## About this exercise
Could you output each line below exactly as it appears, excluding any pictures?

## Data block
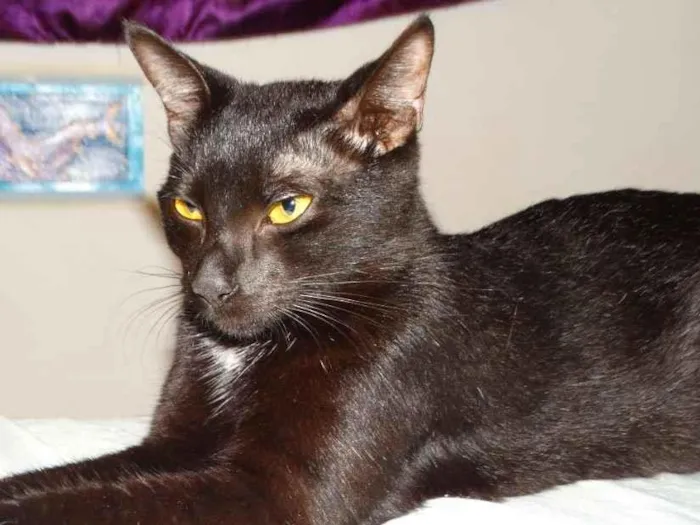 Esta maravilhosa gatinha de pelagem preta brilhante e olhos cor de âmbar, com cerca de 1 ano e 6 meses, está pronta para encontrar um lar onde possa ser a estrela. Com um olhar expressivo e uma postura elegante, ela combina a beleza clássica dos gatos pretos com um espírito vibrante e curioso. Apesar da aparência sofisticada, ela revela um lado aventureiro e ágil, mostrando-se uma excelente escaladora e exploradora que adora observar o mundo de ângulos diferentes.
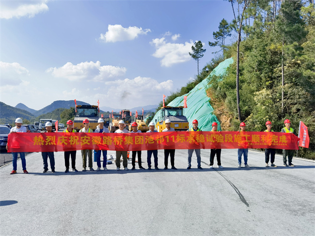 2021年9月16日上午10點,池祁高速11標項目率先在祁高速祁門段完成首段水泥穩定碎石底基層試驗段施工,標志著全面進入路面水穩攤鋪施工階段。
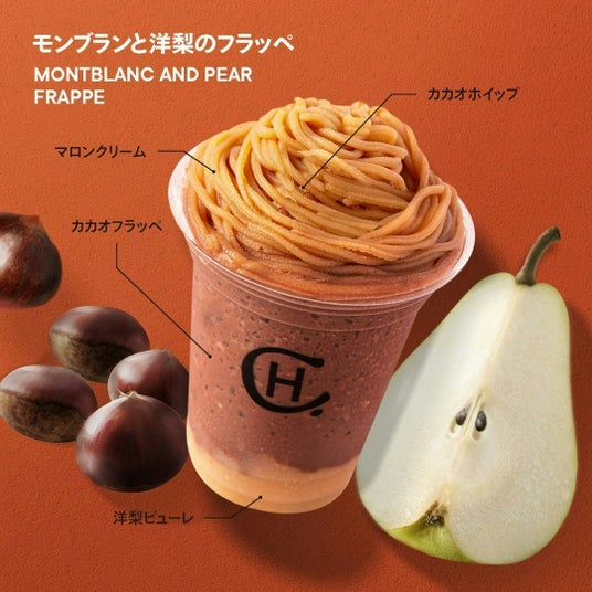 濃厚なマロンクリームの風味とみずみずしい洋梨の甘さが絶妙に調和した特別なフラッペです。洋梨ピューレとカカオフラッペの深い風味が織りなす味わいに、マロンクリームがアクセントとなっています。カカオホイップの滑らかさが全体を引き締め、最後まで飽きずに楽しめる、この季節にぴったりのフラッペです。
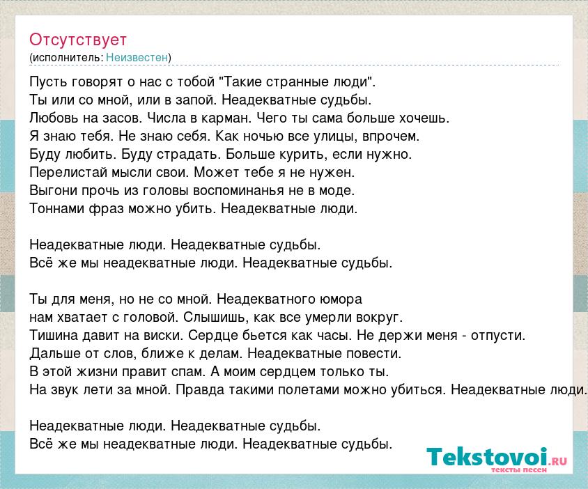 Пусть говорят о нас с тобой "Такие странные люди". Ты или со мной, или в запой. Неадекватные судьбы. Любовь на засов. Числа в карман. Чего ты сама больше хочешь. Я знаю тебя. Не знаю себя. Как ночью все улицы, впрочем. Буду любить. Буду страдать. Больше курить, если нужно. Перелистай мысли свои. Может тебе я не нужен. Выгони прочь из головы воспоминанья не в моде. Тоннами фраз можно убить. Неадекватные люди. Неадекватные люди. Неадекватные судьбы. Всё же мы неадекватные люди. Неадекватные судьбы. Ты для меня, но не со мной. Неадекватного юмора нам хватает с головой. Слышишь, как все умерли вокруг. Тишина давит на виски. Сердце бьется как часы. Не держи меня - отпусти. Дальше от слов, ближе к делам. Неадекватные повести. В этой жизни правит спам. А моим сердцем только ты. На звук лети за мной. Правда такими полетами можно убиться. Неадекватные люди. Неадекватные люди. Неадекватные судьбы. Всё же мы неадекватные люди. Неадекватные судьбы.

## Written solution
 Esta maravilhosa gatinha de pelagem preta brilhante e olhos cor de âmbar, com cerca de 1 ano e 6 meses, está pronta para encontrar um lar onde possa ser a estrela. Com um olhar expressivo e uma postura elegante, ela combina a beleza clássica dos gatos pretos com um espírito vibrante e curioso. Apesar da aparência sofisticada, ela revela um lado aventureiro e ágil, mostrando-se uma excelente escaladora e exploradora que adora observar o mundo de ângulos diferentes.
 2021年9月16日上午10點,池祁高速11標項目率先在祁高速祁門段完成首段水泥穩定碎石底基層試驗段施工,標志著全面進入路面水穩攤鋪施工階段。
 濃厚なマロンクリームの風味とみずみずしい洋梨の甘さが絶妙に調和した特別なフラッペです。洋梨ピューレとカカオフラッペの深い風味が織りなす味わいに、マロンクリームがアクセントとなっています。カカオホイップの滑らかさが全体を引き締め、最後まで飽きずに楽しめる、この季節にぴったりのフラッペです。
 Пусть говорят о нас с тобой "Такие странные люди". Ты или со мной, или в запой. Неадекватные судьбы. Любовь на засов. Числа в карман. Чего ты сама больше хочешь. Я знаю тебя. Не знаю себя. Как ночью все улицы, впрочем. Буду любить. Буду страдать. Больше курить, если нужно. Перелистай мысли свои. Может тебе я не нужен. Выгони прочь из головы воспоминанья не в моде. Тоннами фраз можно убить. Неадекватные люди. Неадекватные люди. Неадекватные судьбы. Всё же мы неадекватные люди. Неадекватные судьбы. Ты для меня, но не со мной. Неадекватного юмора нам хватает с головой. Слышишь, как все умерли вокруг. Тишина давит на виски. Сердце бьется как часы. Не держи меня - отпусти. Дальше от слов, ближе к делам. Неадекватные повести. В этой жизни правит спам. А моим сердцем только ты. На звук лети за мной. Правда такими полетами можно убиться. Неадекватные люди. Неадекватные люди. Неадекватные судьбы. Всё же мы неадекватные люди. Неадекватные судьбы.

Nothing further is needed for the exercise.